The question I would like to pose is this – what if all this violence was being directed towards young girls?  What would we be doing then, society would be in uproar!  A friend of mine asked this question at a recent community meeting, he works with and counsels young men. After the meeting, he was taken aside and told not to ask the question again by members of one of our ‘political parties’.

What kind of society have we created which accepts that young men are legitimate targets for violence and do not deserve to be treated with the same gentleness and kindness as young women? Why do boys have to be toughened up and made to repress their emotions? 

There are also paradoxes to this here in Ireland and that is in the way young males are ‘mammied’. Where their mother, whether through her own narcissism, or through some warped idea of her role as a parent, mollycoddle young men and do everything for them, indulging them all the time. The outcome of this, is to leave a grown up boy who is incapable of caring for himself, who has never learned how to deal with issues in a mature fashion and who finds himself in adulthood completely unprepared for, and unable to cope with, the realities of life.

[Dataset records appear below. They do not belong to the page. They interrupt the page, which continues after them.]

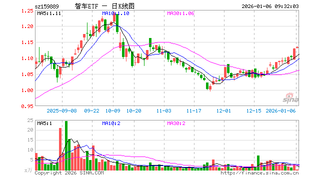 1月6日,智能汽车ETF(159889)开盘涨0.09%,报1.130元。智能汽车ETF(159889)重仓股方面,立讯精密开盘涨0.56%,拓普集团涨0.86%,芯原股份跌0.51%,豪威集团涨0.11%,科大讯飞涨0.43%,德赛西威涨1.60%,闻泰科技跌0.13%,欧菲光涨0.37%,均胜电子跌0.32%,思特威涨0.46%。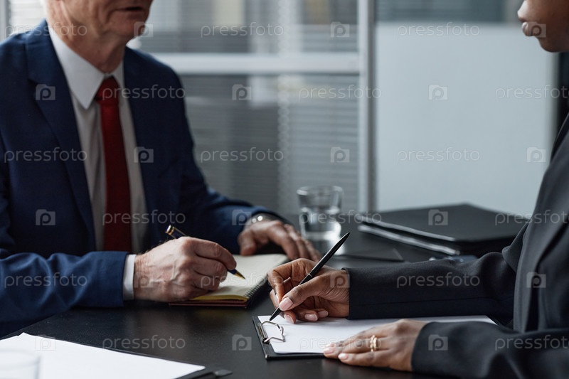 Мужчина среднего возраста и молодая чернокожая женщина подписывают деловые документы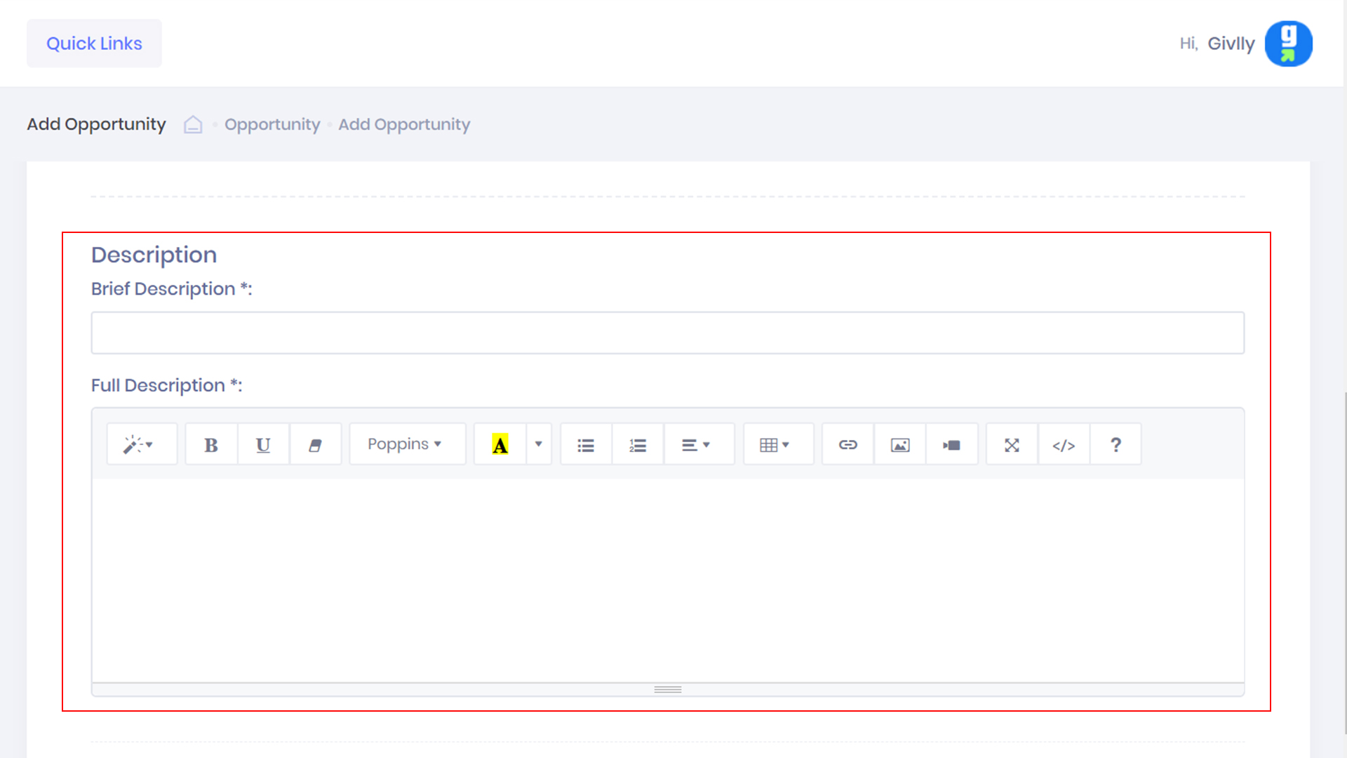 - Then enters both the Brief and Detailed Description of the volunteering opportunity.

A boy is a human being and, as such, has the same emotional range as a girl. He needs to be allowed to freely express his feelings as a child in order to learn how to manage and control them so that they don’t overwhelm him then when faced with crises later in adulthood.   

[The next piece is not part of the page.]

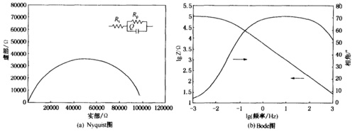 它是可以用来描述金属/电解液界面的最简单的等效电路。对于该等效电路的EIS模拟数据(=100Ω,)的阻抗图谱如图1-2所示。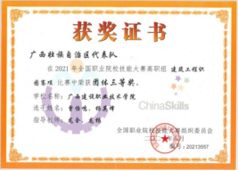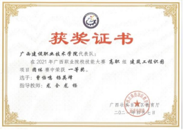 2022年广西职业院校技能大赛高职组建筑工程识图项目团体赛中荣获一等奖 | 2021年广西职业院校技能大赛高职组建筑工程识图项目团体赛中荣获一等奖 |

The role of a parent is to prepare your child for life in the real world. To spoil a child is about the worst thing you can do for them and is not a sign of your love for them but a sign of your own emotional immaturity. Most of us love our children and only want the best for them but spoiling a child is the laziest form of parenting because it requires no effort. I watched Rabbi Shmuley Botech on Oprah a few years ago and he drew a great analogy that has always stayed with me. He said that if we thought about it in terms of meat, it would help us to see it more clearly, a piece of meat that is spoiled is rotten and no good to anybody.

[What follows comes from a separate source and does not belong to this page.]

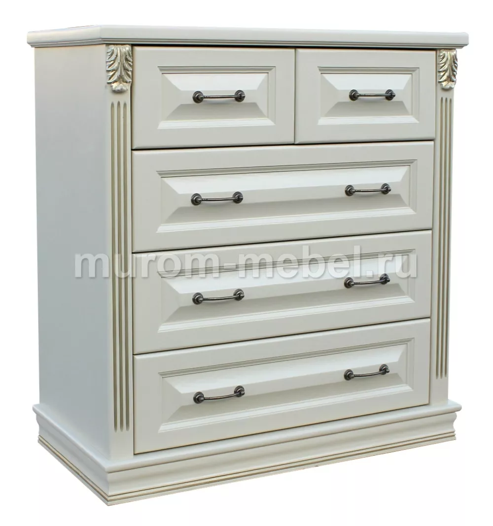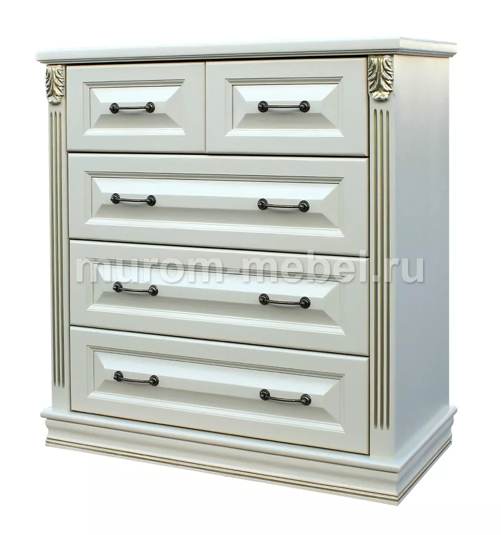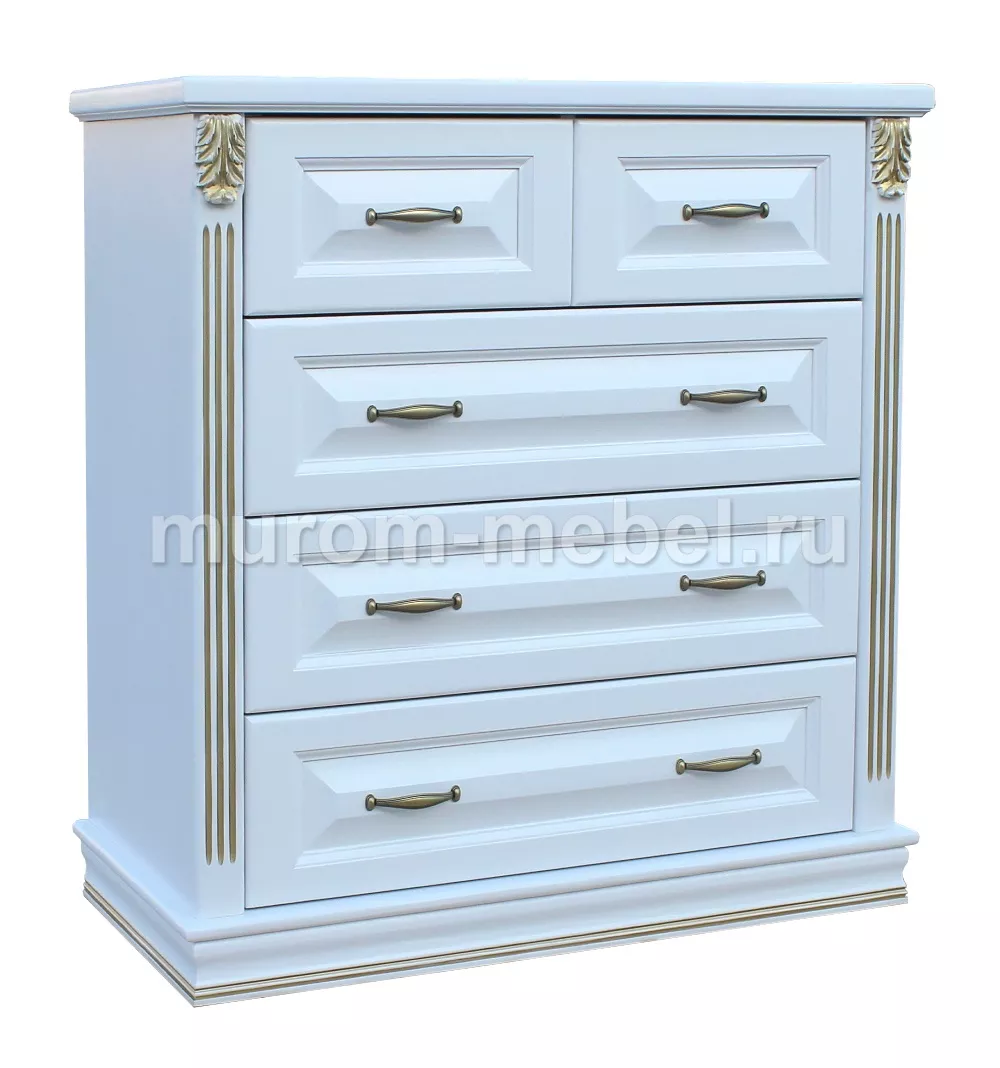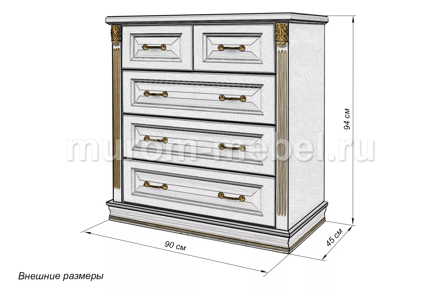 Общий вид представленной модели комода имеет достаточно грациозный и изысканный внешний вид. Дизайнеры продумали оформление такого предмета мебели до малейших деталей, чтобы сделать его действительно уникальным и достойным самых красивых интерьеров. Благодаря такому комоду даже самая обычная и простая по оформлению комната сразу заиграет по-новому. Благодаря такому оформлению фасада, как объемный резной узор, а также вертикальным прорезным линиям по бокам, и, конечно же, золоченому покрытию такого декора, представленная модель идеально подходит для интерьера в классическом стиле. К тому же представленная конструкция не только кажется возвышенной, но таковой по высоте и является за счет добавления верхнего уровня выдвижных ящиков, достаточно толстой столешницы и дополнительной подставки.

This is exactly true of children, the worst people to deal with in life are those who have been spoiled because they expect everything their way, have no empathy for others and have an overbearing sense of their own importance, (the front bench of the Tory party is a fine example of this) and while your child may be important to you, the rest of the world is not so enamoured.

As a society. we need to re-think how we treat our children, boys and girls. Our young men are in crisis and there are not enough grown-up men to help them negotiate their way into adulthood. We all need to take a long hard look at ourselves as parents and human beings because we are failing our children. We try to impose cultural falsehoods on them about how they should act and behave with no regard for the person they are. We allow these levels of violence against them to go unchecked and even believing it is for their own good. Men will not stop being violent until they are brought up without violence, when it is seen as the evil it is and not as something all boys need.

So be kind to your sons and if you want to spoil your child, spoil them with your time and attention. Make an effort and show them their true worth and how to value it. The constant threat of violence only leads to more violence and, inevitably, plays out in the ultimate act of violence against the self, suicide. The job of parenting is probably the hardest job there is, you are responsible for preparing this other human for life, it’s a profound role  and it requires effort but it has it’s own rewards when we see our children grow up into happy respectful people.

 As a final thought I would like you to think about this, the Lakota word for child is Wakanyeja, it translates as ‘sacred being’. Imagine what kind of world we could create if every child born was treated as a sacred being.